2014 başında ekonomi: dışarıdan bakışlar

Hatırlayalım: Mayıs sonlarında ABD Merkez Bankası, önce ABD, oradan da dünya piyasalarına akıttığı astronomik likiditeyi frenleme niyetini açıklayınca, ilk şok dalgasının “yükselen piyasa ekonomileri”ne yöneleceği anlaşıldı. Finans çevreleri de sorgulamaya başladı: “En çok kimler etkilenecek?”

Ağustos’ta Morgan Stanley’den birileri, adres olarak “kırılgan beşler”i gösterdi: Türkiye, Brezilya, Hindistan, Endonezya ve Güney Afrika… Liste kabul gördü Türkiye ekonomisine “dışarıdan bakışlar” da bu nedenle (diğer dört ülkeyle birlikte) yoğunlaştı.
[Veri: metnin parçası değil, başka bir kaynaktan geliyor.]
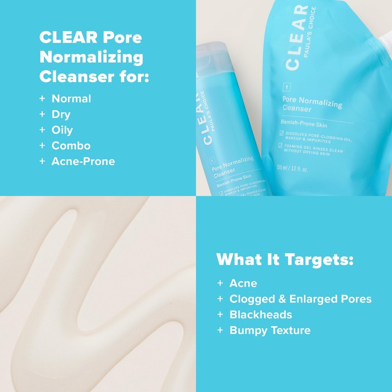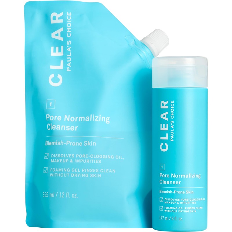 Paula's Choice Paula's Choice CLEAR Pore Normalizing Cleanser Bottle + Refill Pouch Kit, Salicylic Acid Daily Face Wash Duo for Acne, Blackheads, Large Pores & Redness, Set of 2

Niçin bu beş ülke? Ortak özellikleri, son yıllarda yüksek tempoda sermaye girişlerinin hedefi olmaları ve çok büyük dış açık vermeleri… Anlaşıldı ki, dolar pompalamasının yavaşlaması önce bu beşliyi etkileyecek en azından finansal çalkantılara yol açacak.
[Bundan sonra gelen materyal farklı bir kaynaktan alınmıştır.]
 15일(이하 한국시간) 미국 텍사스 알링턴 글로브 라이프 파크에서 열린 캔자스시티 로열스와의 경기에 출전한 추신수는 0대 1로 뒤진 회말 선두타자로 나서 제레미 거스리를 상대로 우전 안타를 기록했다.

Çalkantıların kaynağı, bu ülkelerin hisse senetlerine, borsalarına, tahvillerine, fonlarına dönük kısa vadeli (sıcak) para girişlerinin yavaşlamasıdır. Yansıması ise döviz fiyatları ile tahvil (borçlanma) faizlerinin yükselmesi borsa endekslerinin düşmesi…

Bu göstergeleri, kısa vadeli öngörülere bağlayarak izleyen önemli kuruluşların başında, dev Batı bankalarının üye olduğu Institute of International Finance (IIF) gelir. Mayıs’tan bu yana ülkeler-arası finansal göstergeleri karşılaştırarak saptıyor ki, dış ortamdaki belirsizlik en fazla “kırılgan beşler”e yansımıştır.
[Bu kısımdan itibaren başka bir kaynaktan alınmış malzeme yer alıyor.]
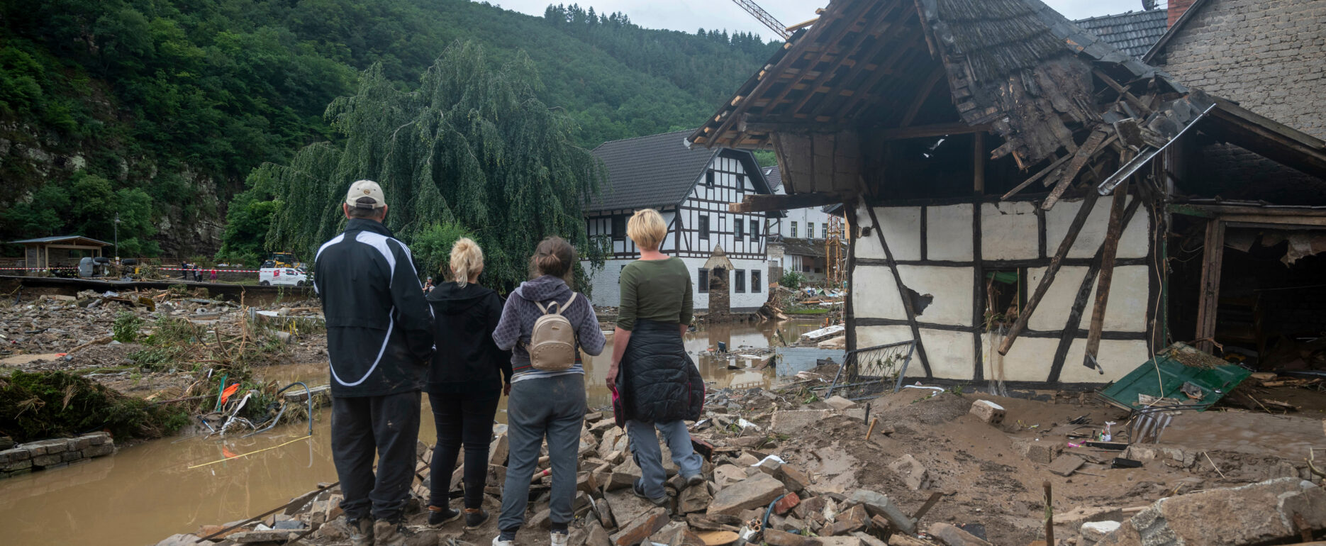 Foto: Menschen blicken auf die Zerstörung nach der Flutkatastrophe im Ahrtal © picture alliance/dpa/Harald Tittel

17 Aralık’ta başlayan çalkantı, finansal göstergelerin bozulması açısından Türkiye’yi diğerlerinin de önüne çıkardı. Ocak başındaki durumu değerlendiren IIF’ye göre, “18 Aralık’tan sonra Türkiye’yi FED’deki yavaşlamadan çok siyasi belirsizlikler etkilemiştir. Her şey, istikrarsızlığın nasıl ve ne zaman son bulacağına bağlıdır uzaması, büyümede sert bir yavaşlamaya yol açabilir.”

Demek ki finans kapitalin üst örgütlerinde “siyasi istikrarsızlığın nasıl son bulacağı” sorgulanıyor ancak tercih açıkça ifade edilmiyor. Zira, unutmayalım ki, finans sermayesinin tabanı rantiyelerden oluşur ve bunlar siyasi değerlendirmelerden uzak durmaya özen gösterir. Finansal varlıklardaki dalgalanmalara karşı gerekli güvenceler (“hedging”, CDS vb) sağlandıktan sonra, esas olan yüksek getiri arayışıdır. Ve örneğin Danske Bank’ın baş uzmanlarından Tuxen, “TL yeterince değer yitirmiş görünüyor üstelik TCMB’nin büyükçe bir faiz artırmasına gitme olasılığı da artmıştır” diyor ve “Türkiye’ye dönüş” için yatırımcılara yeşil ışık yakmış oluyor.

* * *

Peki, “kırılgan beşler” nerede yanlış yaptı? Örneğin sermaye hareketlerindeki her olumsuz dalgalanmada sert etkilenen çevre ekonomilerinin başında niçin Türkiye gelmektedir?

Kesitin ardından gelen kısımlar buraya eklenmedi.